A civil war appears to be under way inside the Republican party, with several senior party officials taking to the Sunday political talk shows to point fingers of blame.

In one camp, “legacy” Republicans such as Larry Hogan, the retiring governor of Maryland, say responsibility for the failure rests with former president Donald Trump, and his handpicked slew of extremist candidates who flopped at the polls.

Hogan, among those calling for a change of leadership, told CNN’s State of the Union:

Trump’s cost us the last three elections, and I don’t want to see it happen a fourth time.

In the other faction, Florida senator Rick Scott, head of the Republican Senate leadership committee, is among the Trump loyalists attempting to scapegoat Senate minority leader Mitch McConnell.

Scott told Fox News’ Sunday Morning Futures he wanted next week’s party leadership elections postponed, claiming McConnell had strangled election strategy:

Mitch McConnell said… we’re not going to have a plan. We’re just going to talk about how bad the Democrats are. Why would you do that?
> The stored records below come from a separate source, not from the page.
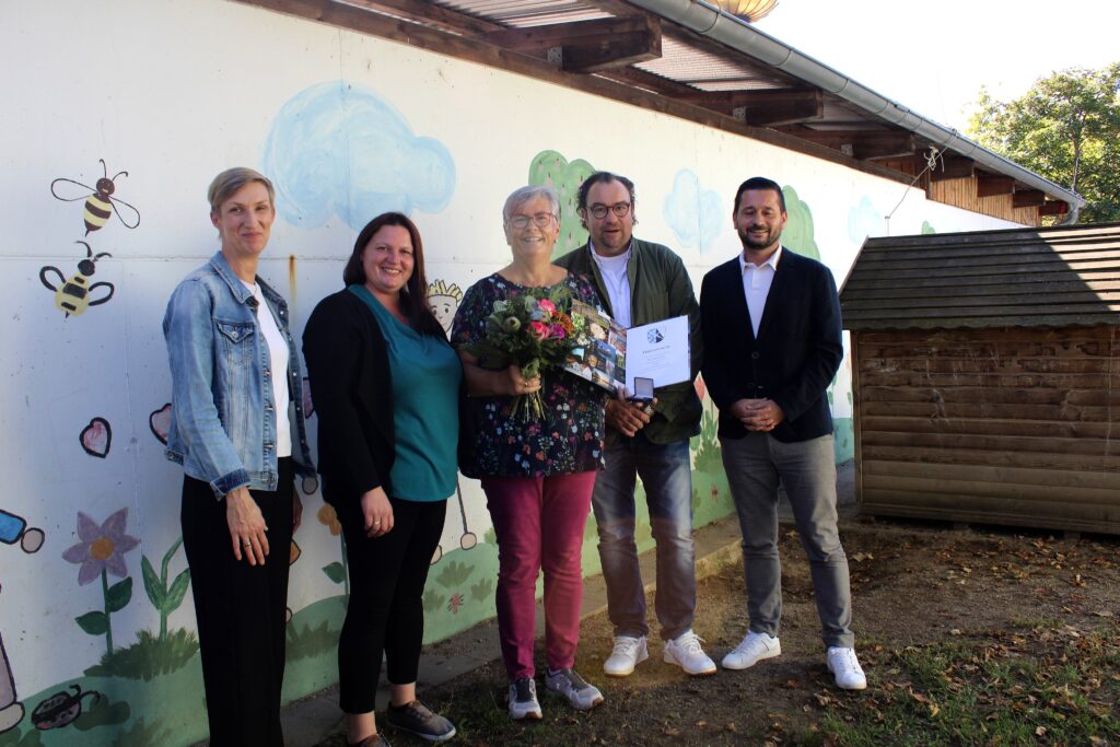 Als Anerkennung für ihre Verdienste erhielt Ingrid Götz eine Urkunde, eine Goldmünze und einen bunten Blumenstrauß. Gemeinsam mit dem Team des Kindergartens wurde dieses besondere Jubiläum feierlich gewürdigt – ein Zeichen der Wertschätzung für vier Jahrzehnte gelebte Verbundenheit im Kindergarten Lummerland.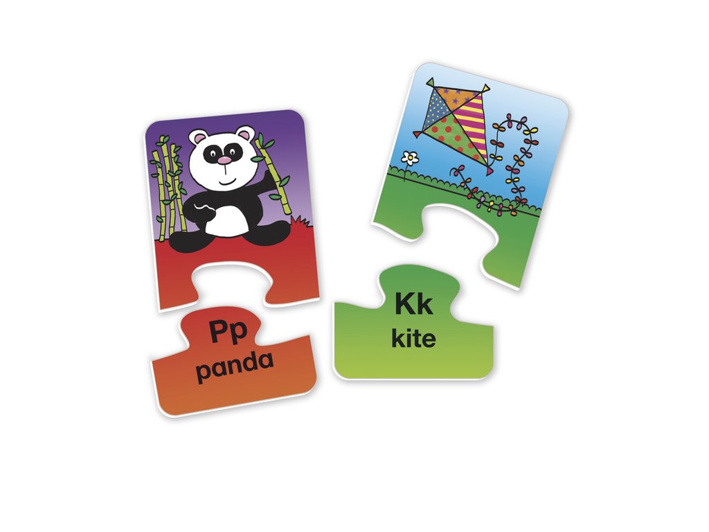 Celkem lze z dílků složit 26 párů puzzlí, jež znázorňují anglická slovíčka. Aby se Vaše dítě nemohlo splést, zapadají do sebe jen správně sestavené dílky.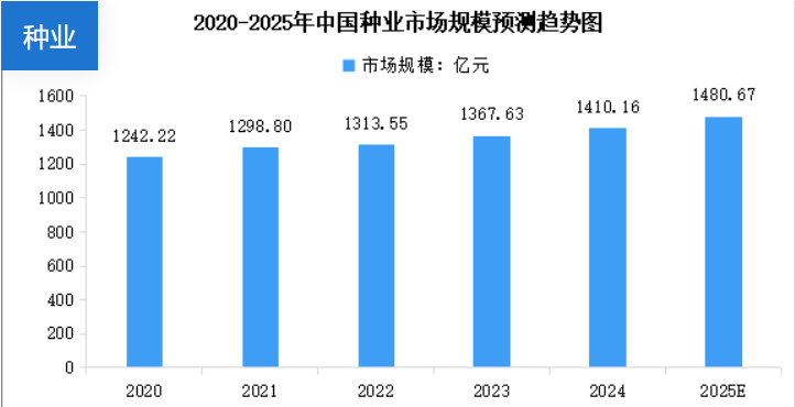 隨著全球以“生物技術(shù)+信息化”為特征的種業(yè)科技革命的興起和我國農(nóng)業(yè)現(xiàn)代化的加速推進(jìn),種業(yè)在農(nóng)業(yè)發(fā)展中的基礎(chǔ)性、戰(zhàn)略性、先導(dǎo)性、引領(lǐng)性地位日益突出。2024年中國種業(yè)市場規(guī)模達(dá)到1410.16億元,同比增長3.11%。2025年中國種業(yè)市場規(guī)模將達(dá)到1480.67億元。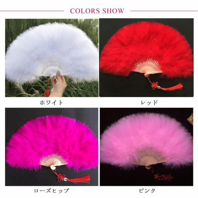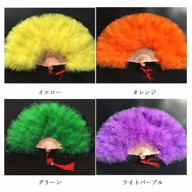 | ダンスの舞台演出にピッタリなとてもふわふわした羽のついた扇子です。 軽量だから扇子を振っても疲れない。羽根が抜けにくい、女性にもやすい! 毛質もよく、沢山の羽根がついて、ふぁふぁしておりますので、そのボリューム感に大満足いただいております。非常に柔らかで触り心地バツグンです。 忘年会・新年会・イベントの余興アイテムに! | |
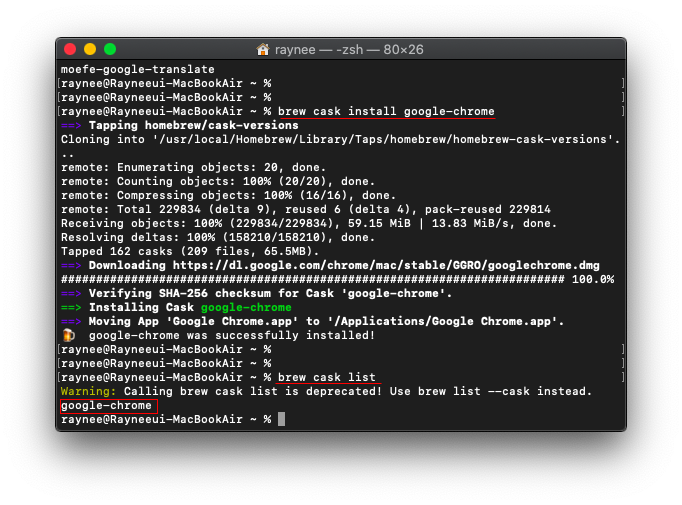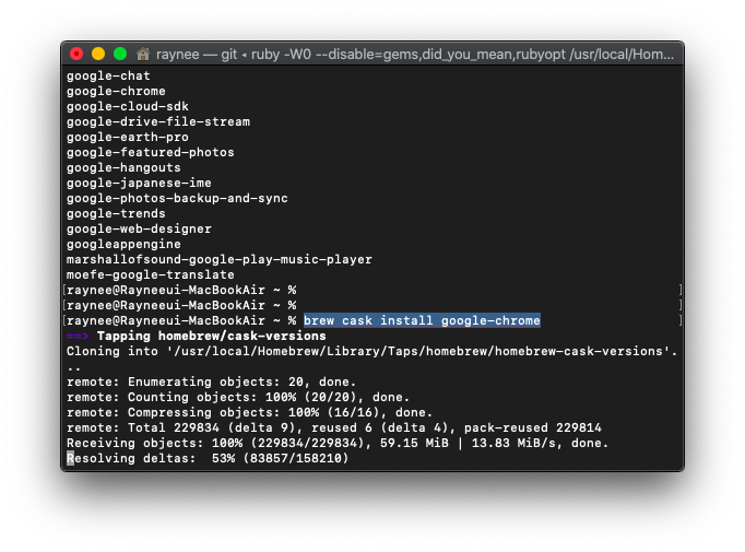 구글 크롬이 설치되었고, brew cask list를 보시면 google-chrome가 설치된 화면을 볼 수 있습니다.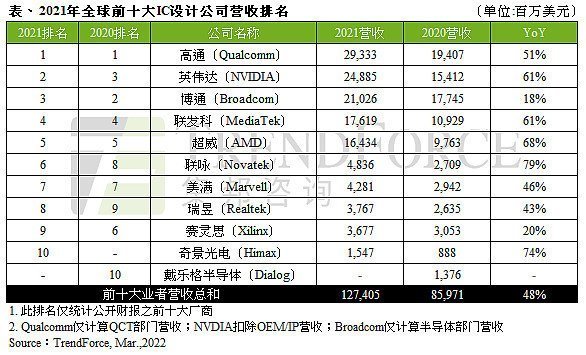 據TrendForce集邦咨詢研究顯示2021年由于各類終端應用需求強勁導致晶圓缺貨全球IC產業嚴重供不應求連帶使芯片價格上漲拉抬2021年全球前十大IC設計業者營收至1,274億美元年增48%

Democrats, meanwhile, are jubilant. Massachusetts senator Elizabeth Warren told NBC’s Meet the Press:

This victory belongs to Joe Biden. It belongs to Joe Biden, and the Democrats who got out there and fought for working people. The things we did were important and popular.

Things are less clear in the House of Representatives, where a number of close races are yet to be called, and Republicans are closing in on a narrow majority.
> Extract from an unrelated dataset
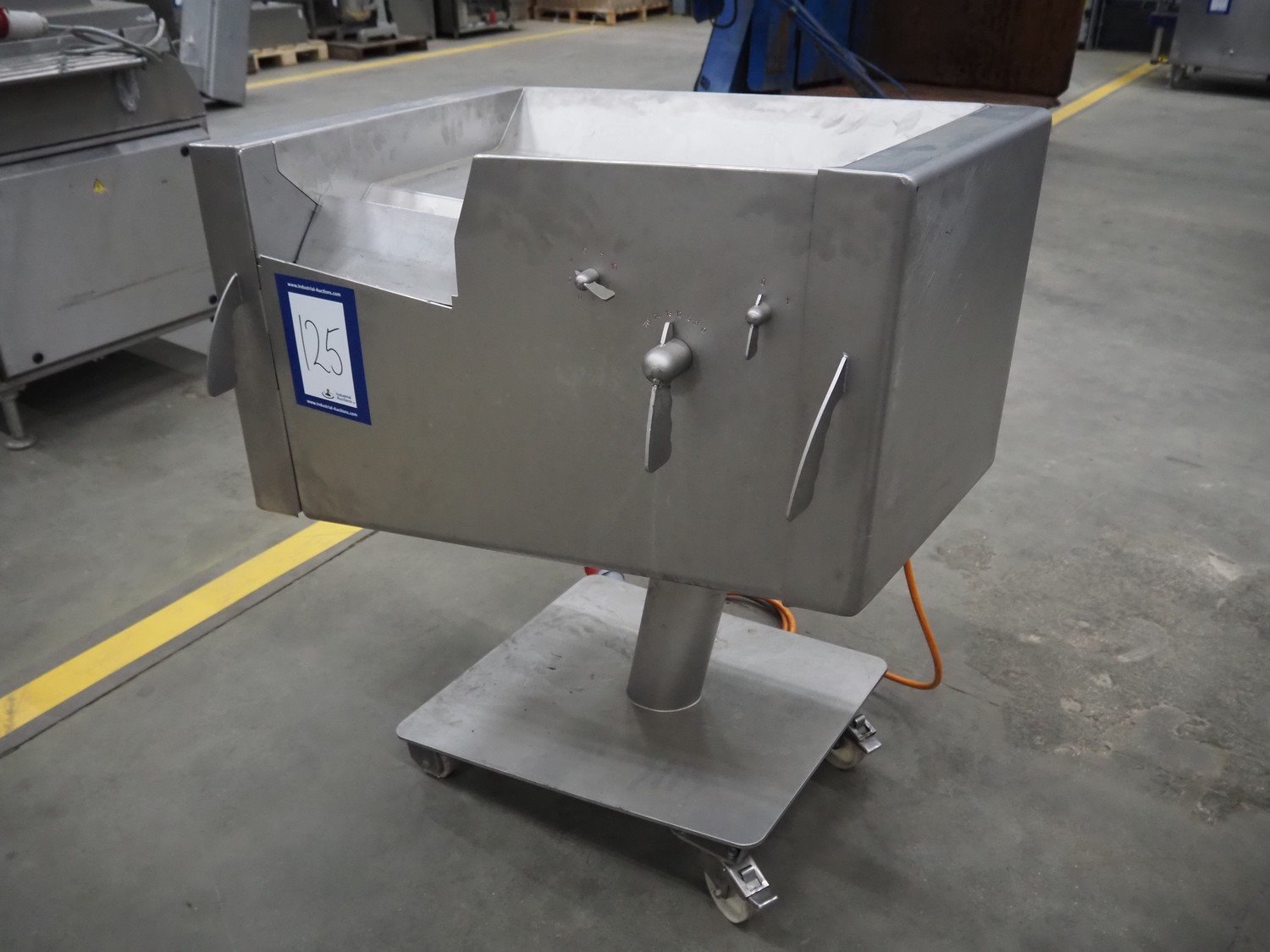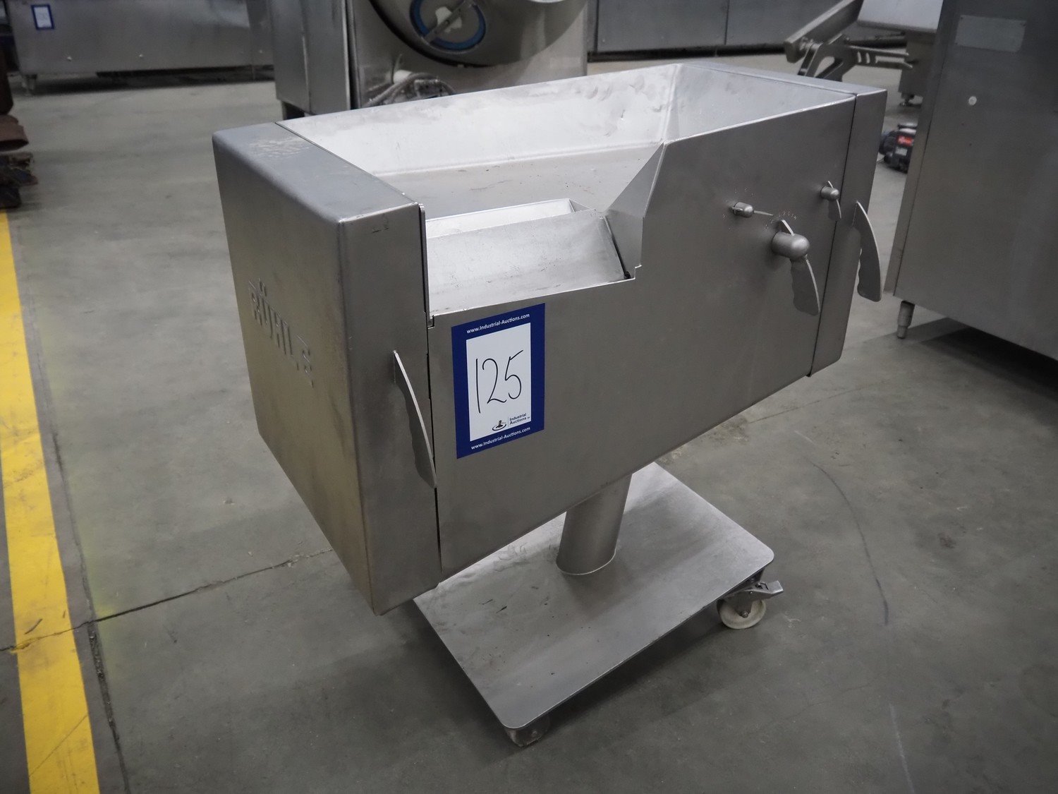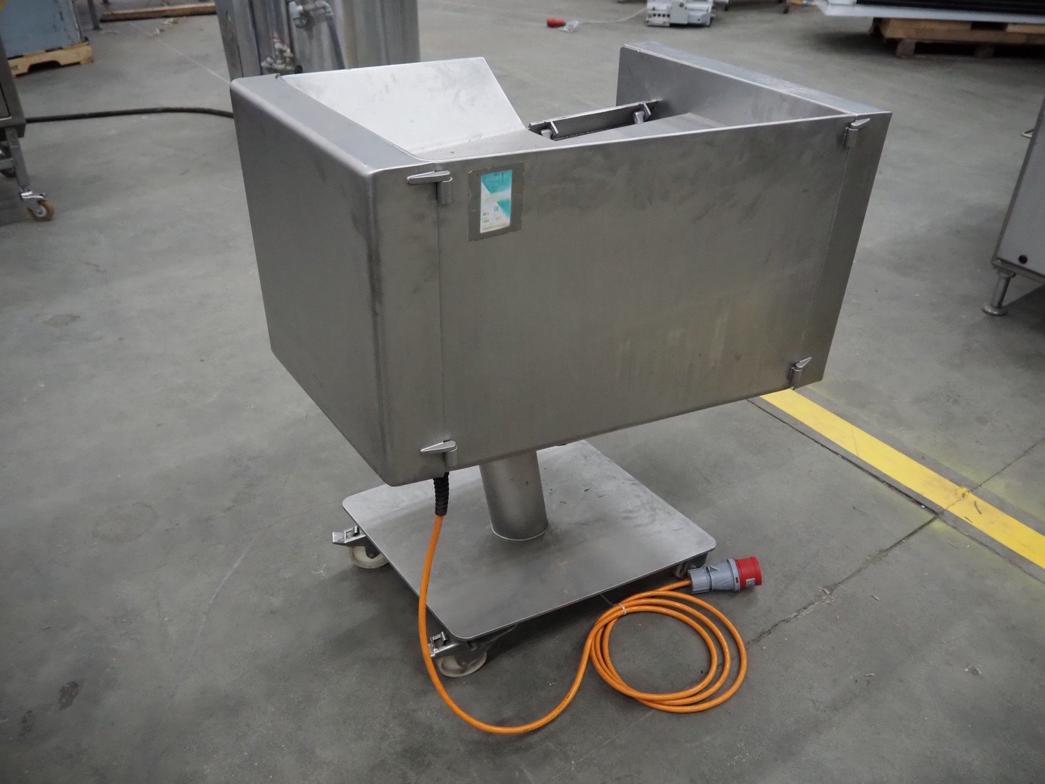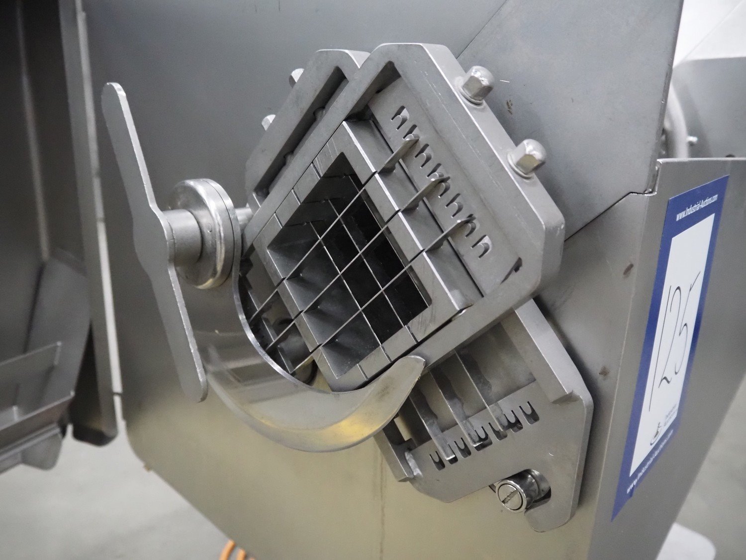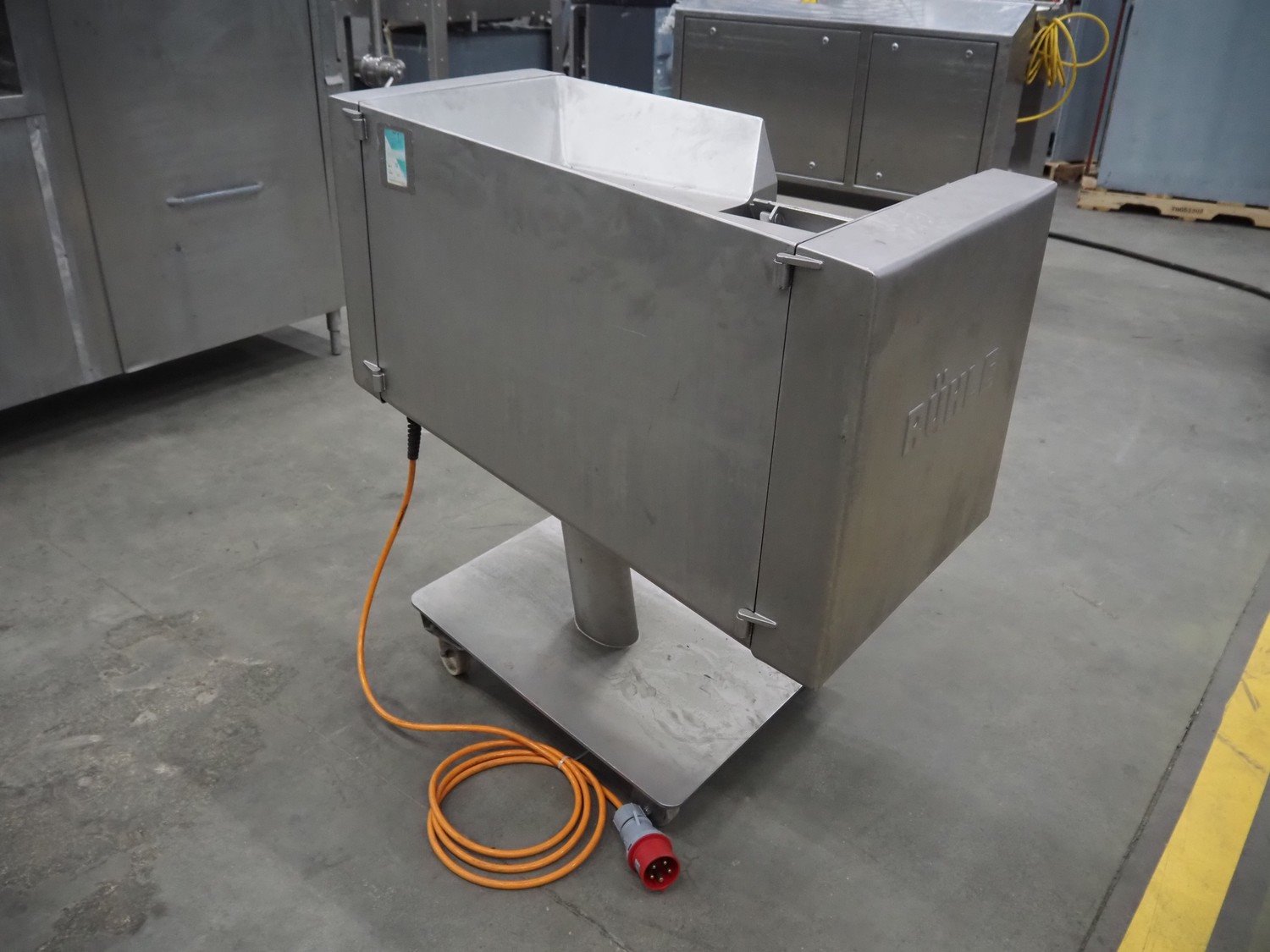 Rühle mobile dicer, type: SR 1, number: 813, year of construction 1999, 400 V, 50 Hz, dimensions chamber: 100 mm x 100 mm, distance between knifes: 5 mm, total dimensions: 1000 mm x 700 mm x 1100 mm. Kavel locatie: Schouwrooij 29, 5281 RE Boxtel, Nederland

And in Arizona, we’re awaiting a winner in the tight and heated governor’s race between Democrat Katie Hobbs and extremist Republican Kari Lake.

We’ll have more news, commentary and reaction coming up through the afternoon.

Analysts say victory by Democrat Catherine Cortez Masto in Nevada, which secured her party’s control of the Senate for two more years, will be of massive importance to Joe Biden’s plans for filling judicial vacancies.

Retaining the majority in the chamber gives the president the opportunity to keep getting his picks confirmed, something for which the incumbent senator was a key ally even before the midterms.

“Cortez Masto has been an excellent senator, who has represented Nevada very well. One example is her efforts to keep the federal district court vacancies in Nevada filled,” said Carl Tobias, Williams professor of law at the University of Richmond and former lecturer in law at the University of Nevada, Las Vegas.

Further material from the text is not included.